Chall [Jeanne Chall, Harvard professor] attributed the resiliency of such ideas to the desire of Americans to avoid pain, hard work, and discomfort, and to shield the tender sensibilities of the young from the rigors of a demanding curriculum. Learning basics can be hard and might entail both effort and disappointment. But basics also imply a set of standards outside of the child himself, a standard that is uncompromising and to which the child must accommodate himself. This, of course, is anathema to the democratic, child-centered classroom.
[John Jacob, physician] Cannell, however, goes even further in his indictment. Educationists are quick to blame their own failures on social problems, but Cannel argues that the schools themselves may have to take some responsibility for those same maladies. “I am convinced,” he wrote, “that the current American epidemic of teenage pregnancy, depression, drug use, delinquency, and teen suicide is partially related to the low standards and the low expectations so evident in American public schools. School officials blame these problems on single parent families, parental apathy, and permissive child-rearing.
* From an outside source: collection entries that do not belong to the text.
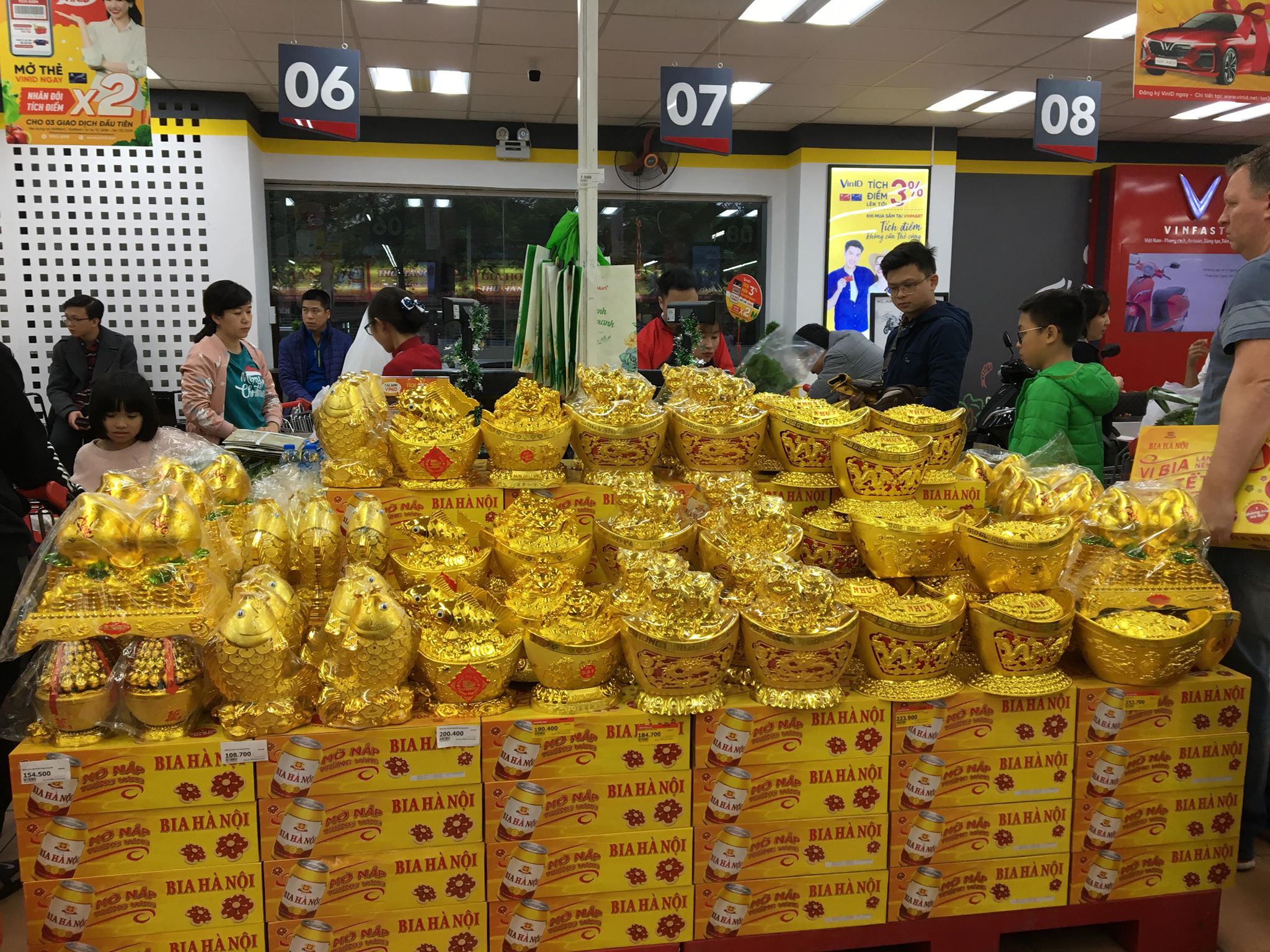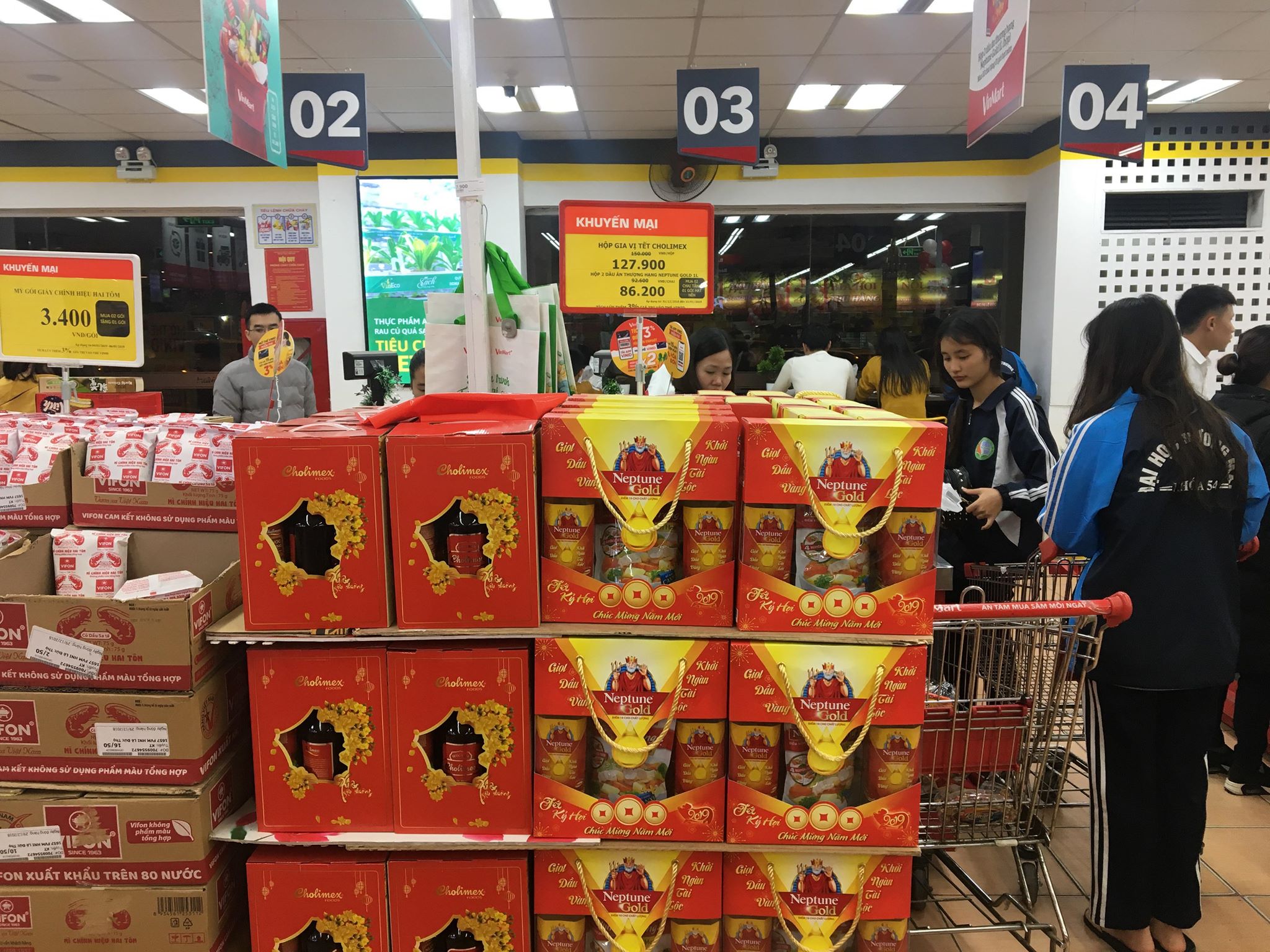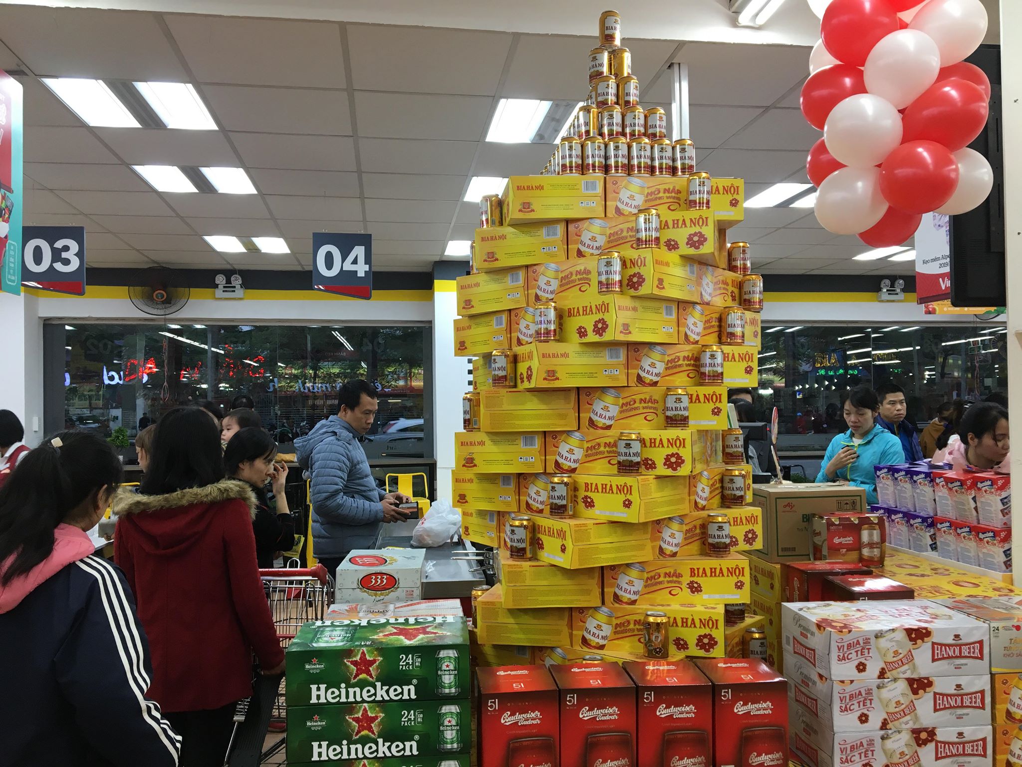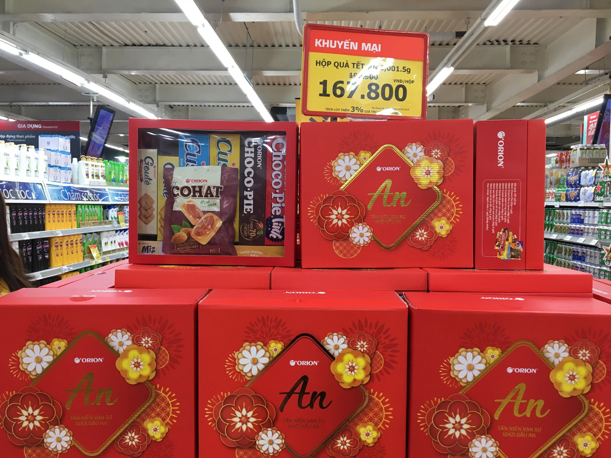 Theo ghi nhận của PV, dạo quanh một vòng tại các siêu thị khu vực Hà Nội như Vinmart, Big C, Coop Mart,... các siêu thị đã trưng bày nhiều hơn các sản phẩm phục vụTết Nguyên đán Kỷ Hợi 2019.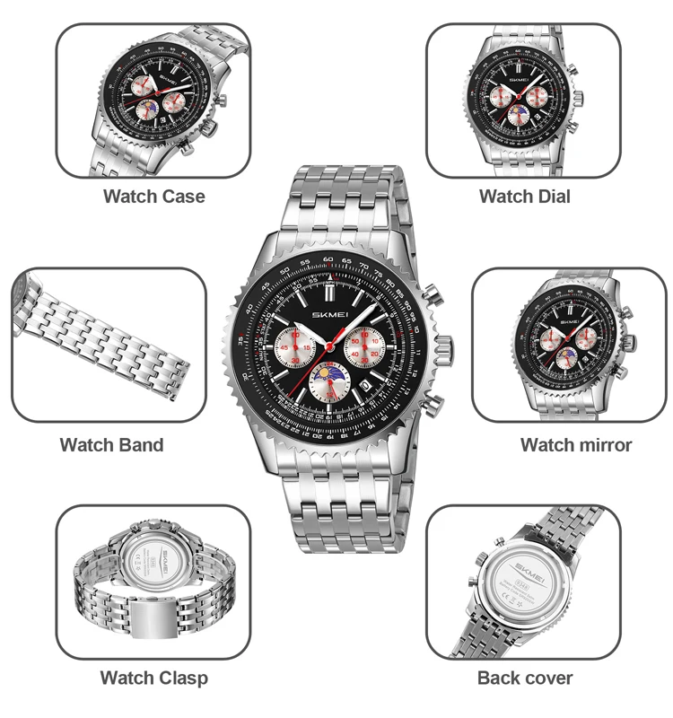 SKMEI 9348 Luxury Three Eyes Six Needles High Precision Dial, Fashionable, Elegant, Textured Dial, Sports Men's Quartz Watch
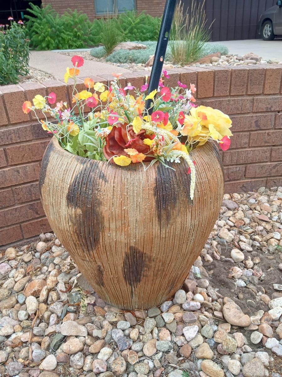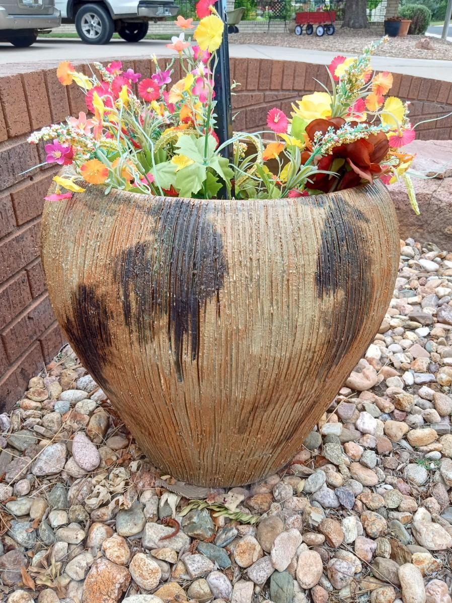 2 MEDIUM SIZE PLASTIC FLOWER POTS, A TERRA COTTA POT AND A CLAY? LARGER POT

Undoubtedly, many of these pre4sent day realities do detrimentally affect children, but so do present day school policies.
In 1893, the Commission of Ten, headed by Harvard’s Charles Eliot, laid out the traditionalist credo, with a firm emphasis on the pursuit of knowledge and the central place of the disciplines of liberal education. “As studies in language and in the natural sciences are best adapted to cultivate the habits of observation; as mathematics are the traditional training of the reasoning faculties,” the Eliot report declared, “so history and its allied branches are better adapted than any other studies to promote the invaluable mental power which we call judgment.”
Unless American parents raise those expectations, it is unlikely that America’s schools will ever raise them unilaterally. Mediocrity, unfortunately, is contagious. But so is excellence.